Both the line containing "- На начале" and the line containing "London, United Kingdom - May" belong to the span. Output exactly that span from the listing below, and nothing outside it.

◆ **Data for analysis**

┌──

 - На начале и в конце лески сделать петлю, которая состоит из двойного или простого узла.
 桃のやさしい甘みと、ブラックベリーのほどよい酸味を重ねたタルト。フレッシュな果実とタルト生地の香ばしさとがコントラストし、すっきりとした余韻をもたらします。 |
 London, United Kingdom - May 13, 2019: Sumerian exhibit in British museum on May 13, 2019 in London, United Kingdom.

└──
┌──

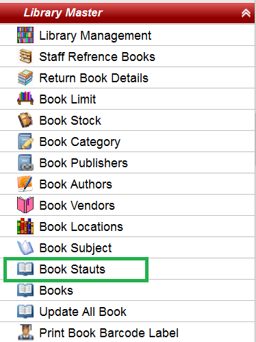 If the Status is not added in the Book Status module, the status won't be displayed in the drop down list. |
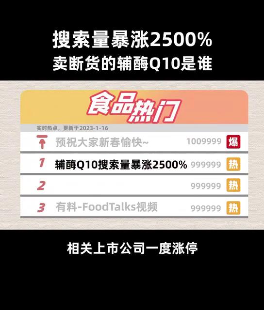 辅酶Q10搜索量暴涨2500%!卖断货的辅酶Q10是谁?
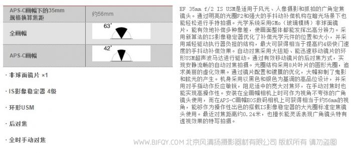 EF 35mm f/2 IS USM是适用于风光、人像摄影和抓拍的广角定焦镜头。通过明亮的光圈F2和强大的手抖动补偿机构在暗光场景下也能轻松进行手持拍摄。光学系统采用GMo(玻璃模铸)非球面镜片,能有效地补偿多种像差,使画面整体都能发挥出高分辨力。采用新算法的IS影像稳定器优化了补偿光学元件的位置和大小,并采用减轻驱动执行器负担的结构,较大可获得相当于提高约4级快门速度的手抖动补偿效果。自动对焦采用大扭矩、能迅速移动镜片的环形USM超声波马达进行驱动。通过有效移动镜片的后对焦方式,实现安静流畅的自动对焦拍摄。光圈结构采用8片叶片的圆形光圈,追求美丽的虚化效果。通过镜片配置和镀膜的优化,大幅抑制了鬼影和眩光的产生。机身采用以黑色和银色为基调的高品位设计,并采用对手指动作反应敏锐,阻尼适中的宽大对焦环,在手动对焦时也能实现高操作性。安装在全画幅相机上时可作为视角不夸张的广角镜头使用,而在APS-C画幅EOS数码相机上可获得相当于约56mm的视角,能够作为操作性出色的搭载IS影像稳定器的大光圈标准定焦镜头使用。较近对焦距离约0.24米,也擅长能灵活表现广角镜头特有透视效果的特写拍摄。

└──

◆ **Solution**
 - На начале и в конце лески сделать петлю, которая состоит из двойного или простого узла.
 桃のやさしい甘みと、ブラックベリーのほどよい酸味を重ねたタルト。フレッシュな果実とタルト生地の香ばしさとがコントラストし、すっきりとした余韻をもたらします。 |
 London, United Kingdom - May 13, 2019: Sumerian exhibit in British museum on May 13, 2019 in London, United Kingdom.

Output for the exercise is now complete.